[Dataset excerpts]
****************

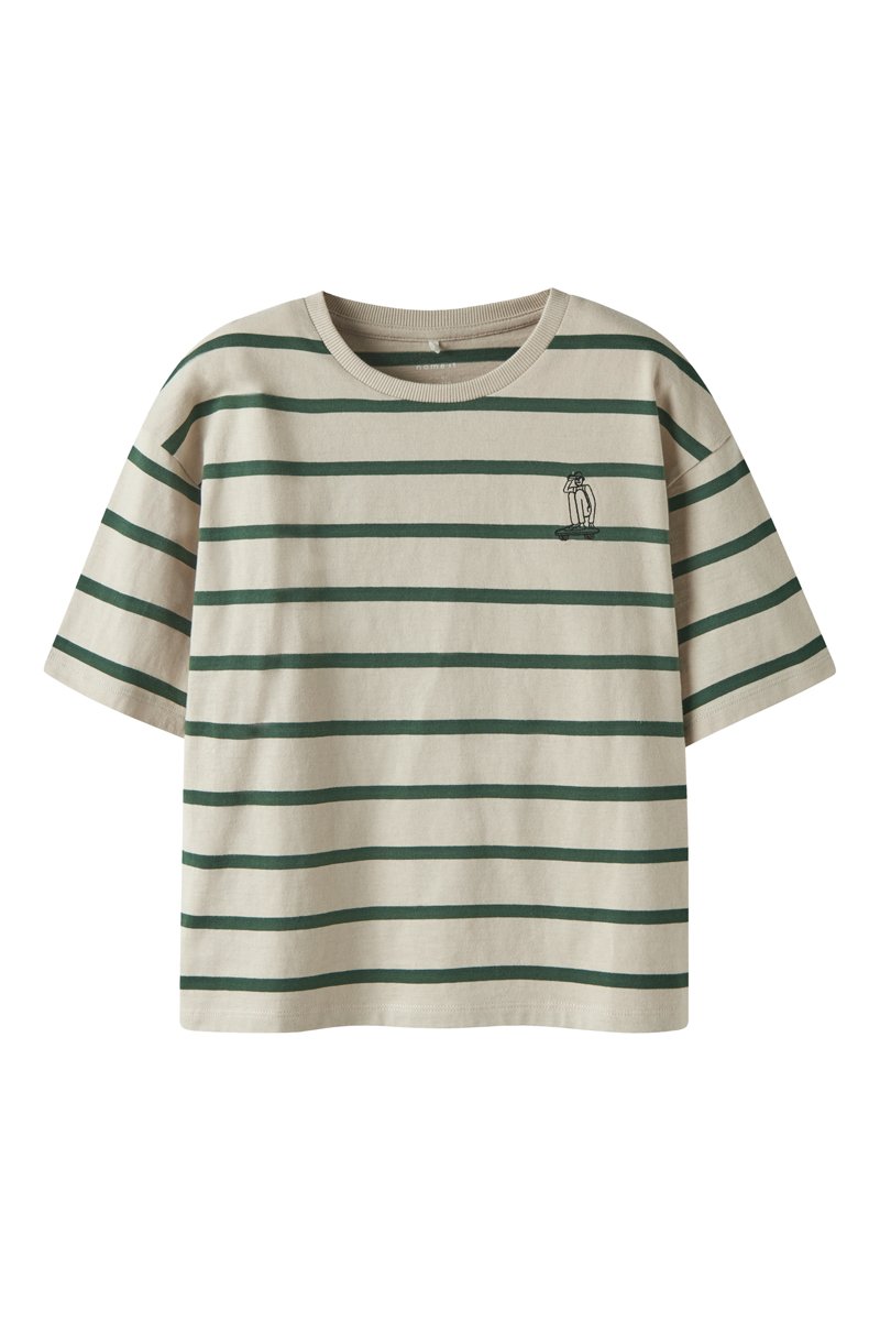 T-shirt em algodão biológico - Cru e verde - Name It Kids
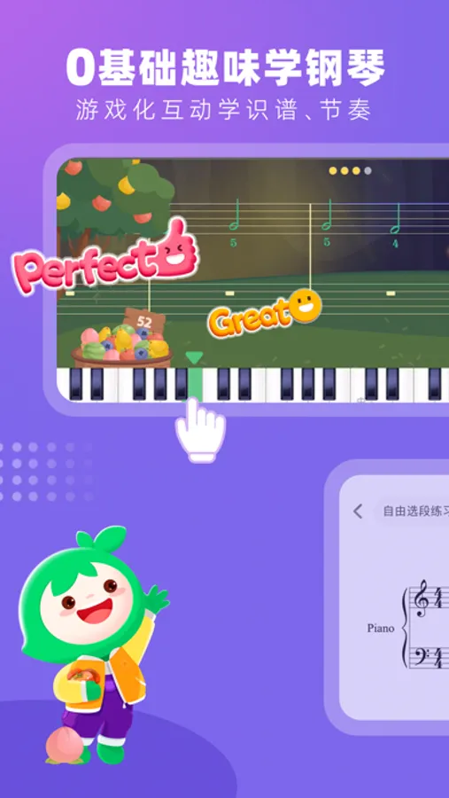 游戏化学习,利用人工智能技术进行趣味互动,赏析,节奏游戏训练、趣味问答、演奏练习等多个环节,让学琴有趣,不枯燥!
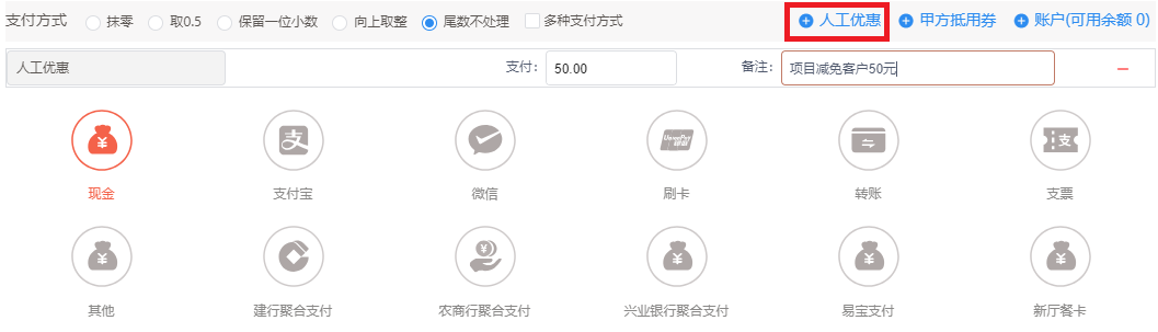 5. (可选)如需要给客户优惠更多金额,点击人工优惠,输入优惠金额和备注。
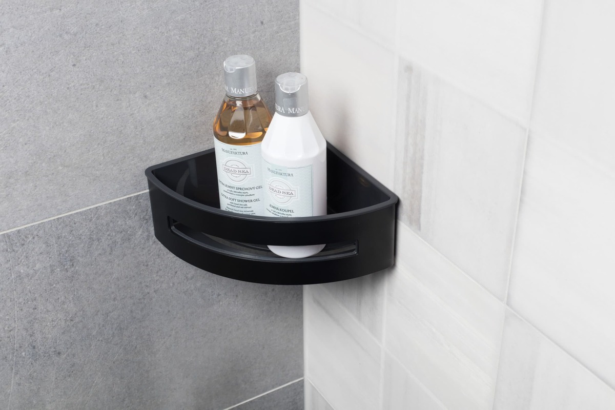 Swiss Aqua Technologies Corner shower basket 16,5cm in stainless steel, Black (SATDPOLROHMC)
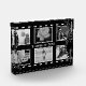 Film reels evoke feelings of nostalgia, this classic black and white design allows you to upload 6 photographs of treasured memories with your own message across the centre. Detailed with curved film reels at the sides. Looks great with black and white or colored photographs.
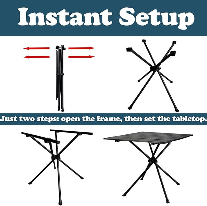 • [High Quality]: Constructed from thick carbon steel, the folding camping tabletop and legs are durable, waterproof, fade-resistant, and easy to clean.
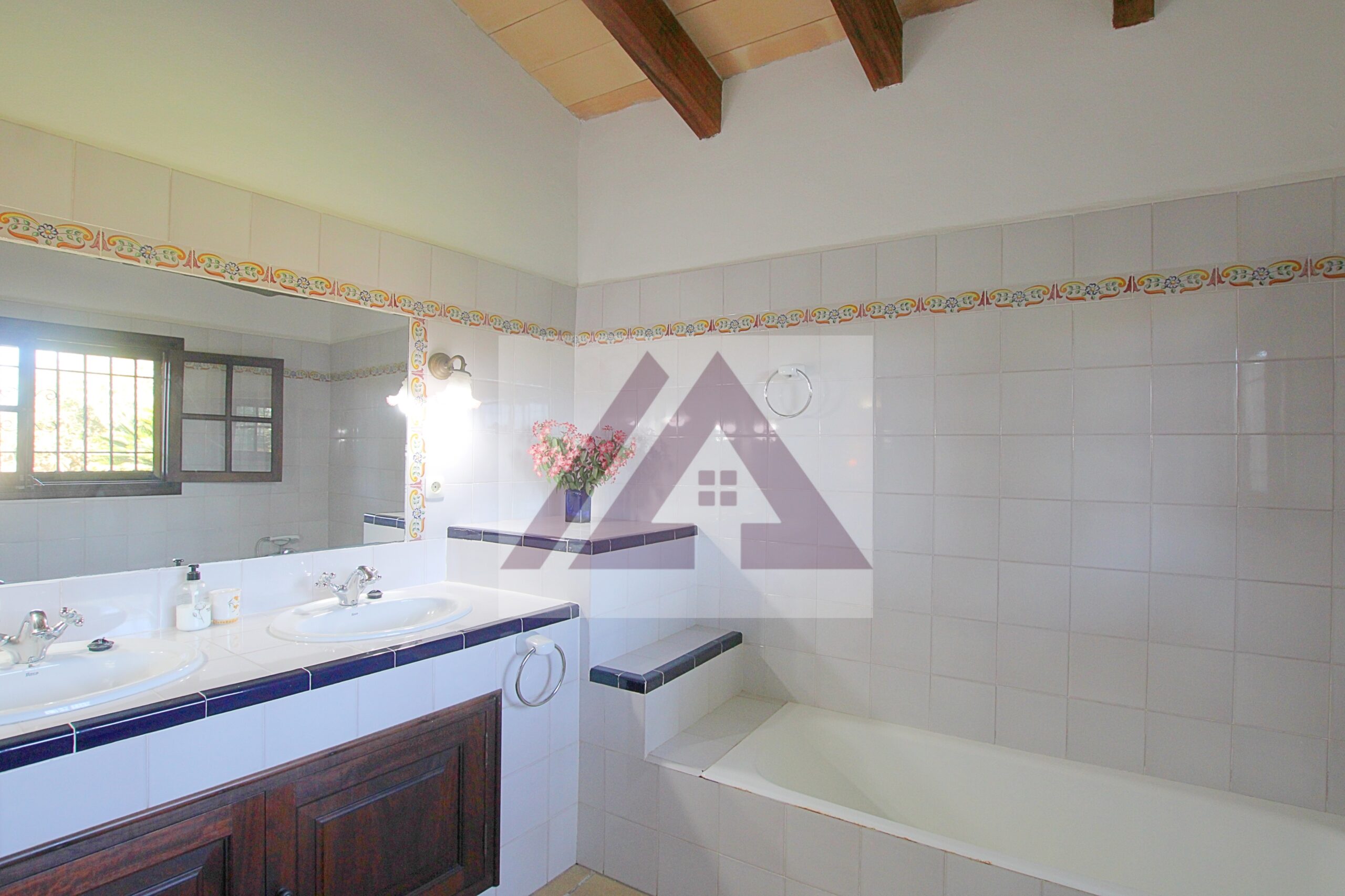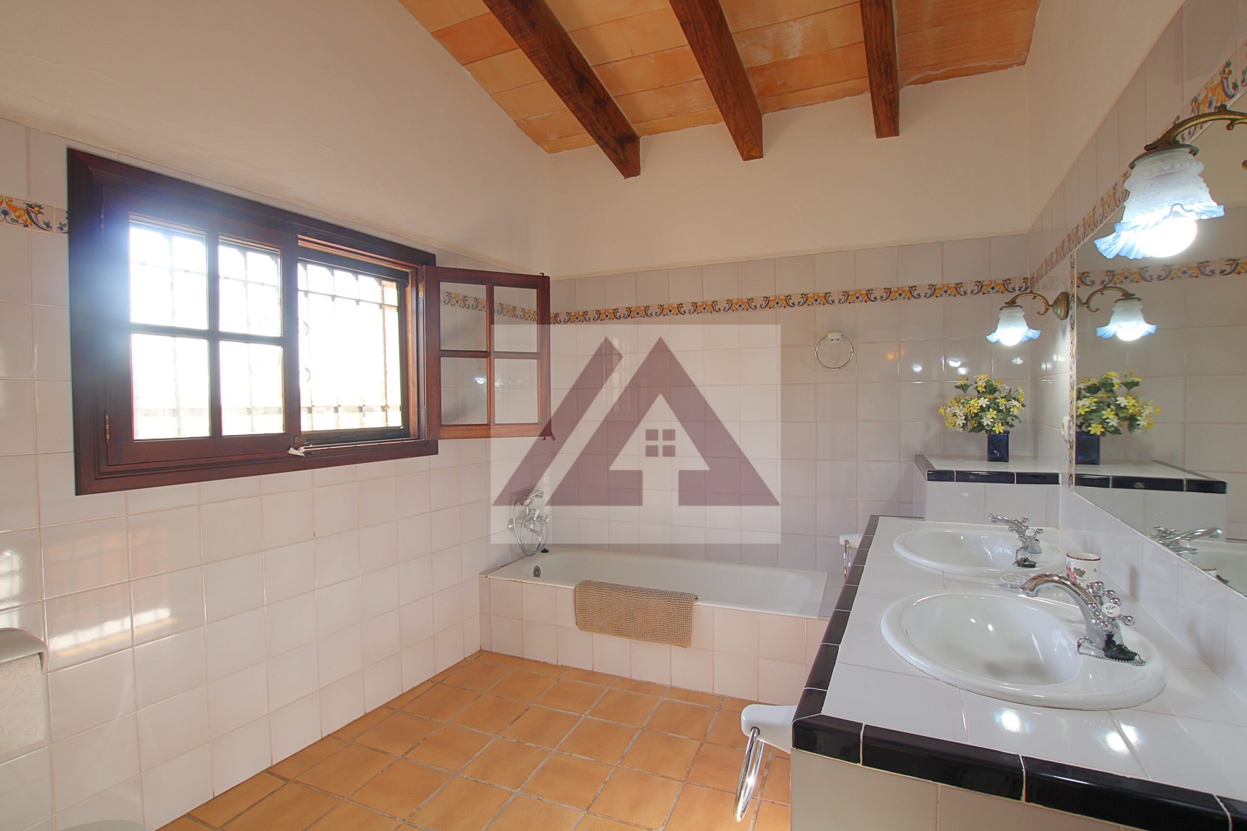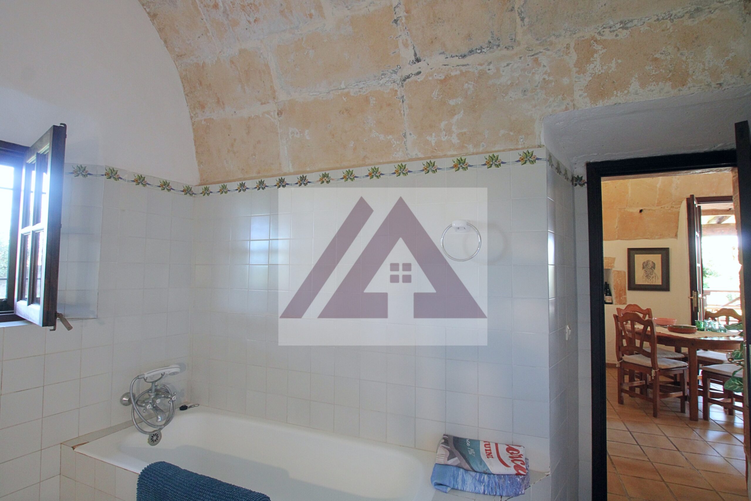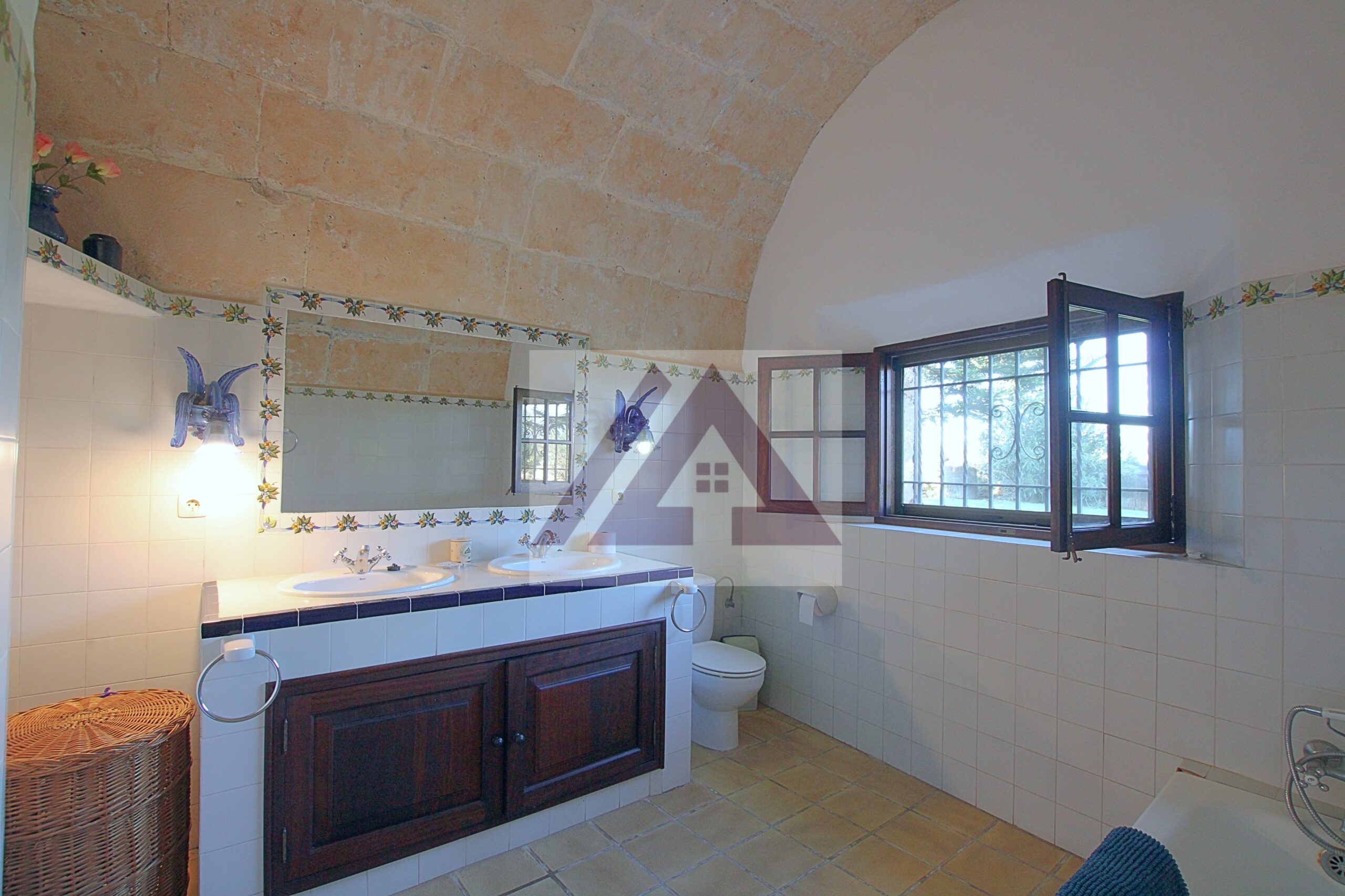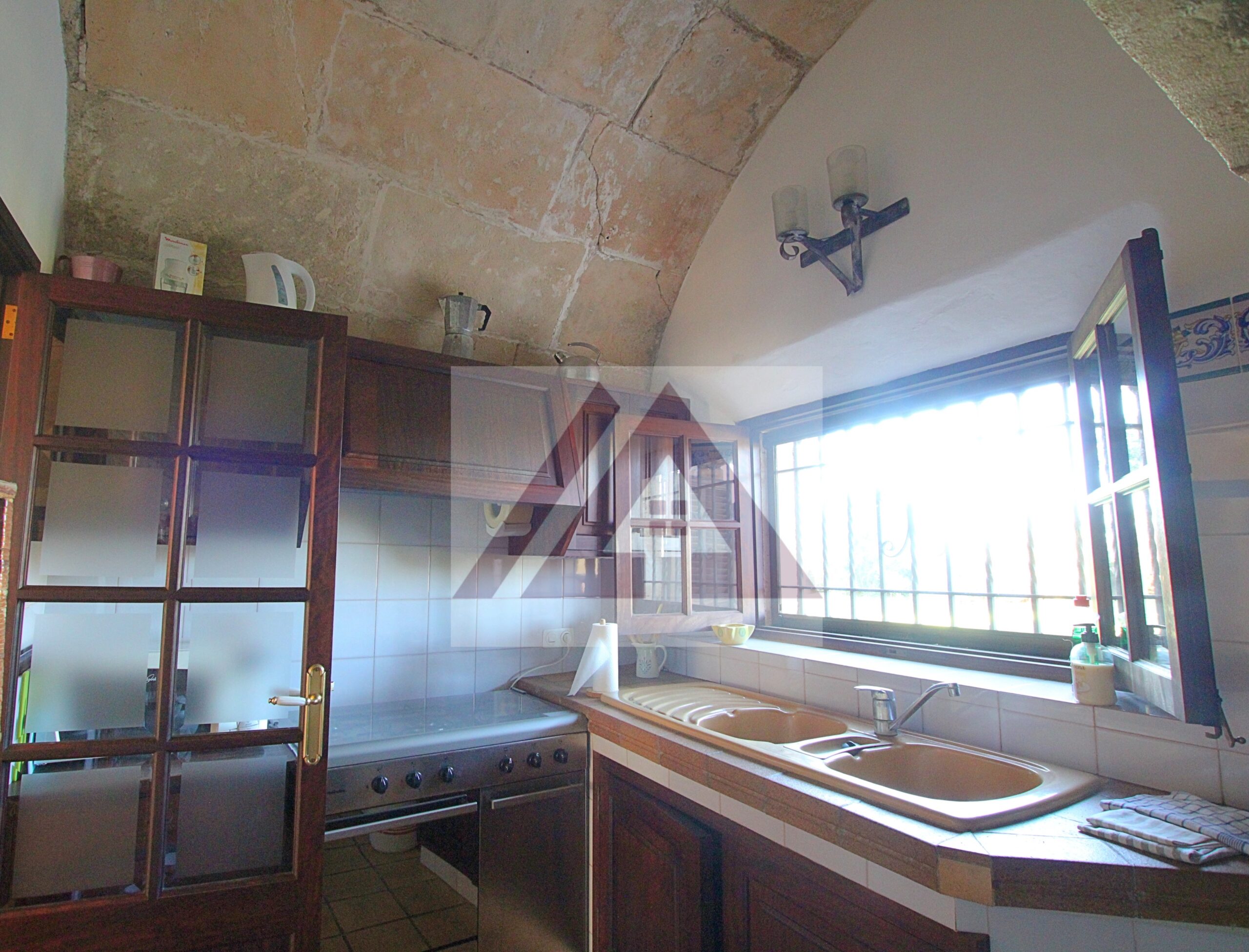 Just two kilometres from Cas Concos, on a plot of over 8,000 m², fully fenced and with an automatic gate, this fully renovated old mill is available to rent, complete with a swimming pool and a private tennis court.

****************

== What the task requires ==
Give the data again exactly as it appears, but without any images.

== Response area ==
 T-shirt em algodão biológico - Cru e verde - Name It Kids
 游戏化学习,利用人工智能技术进行趣味互动,赏析,节奏游戏训练、趣味问答、演奏练习等多个环节,让学琴有趣,不枯燥!
 5. (可选)如需要给客户优惠更多金额,点击人工优惠,输入优惠金额和备注。
 Swiss Aqua Technologies Corner shower basket 16,5cm in stainless steel, Black (SATDPOLROHMC)
 Film reels evoke feelings of nostalgia, this classic black and white design allows you to upload 6 photographs of treasured memories with your own message across the centre. Detailed with curved film reels at the sides. Looks great with black and white or colored photographs.
 • [High Quality]: Constructed from thick carbon steel, the folding camping tabletop and legs are durable, waterproof, fade-resistant, and easy to clean.
 Just two kilometres from Cas Concos, on a plot of over 8,000 m², fully fenced and with an automatic gate, this fully renovated old mill is available to rent, complete with a swimming pool and a private tennis court.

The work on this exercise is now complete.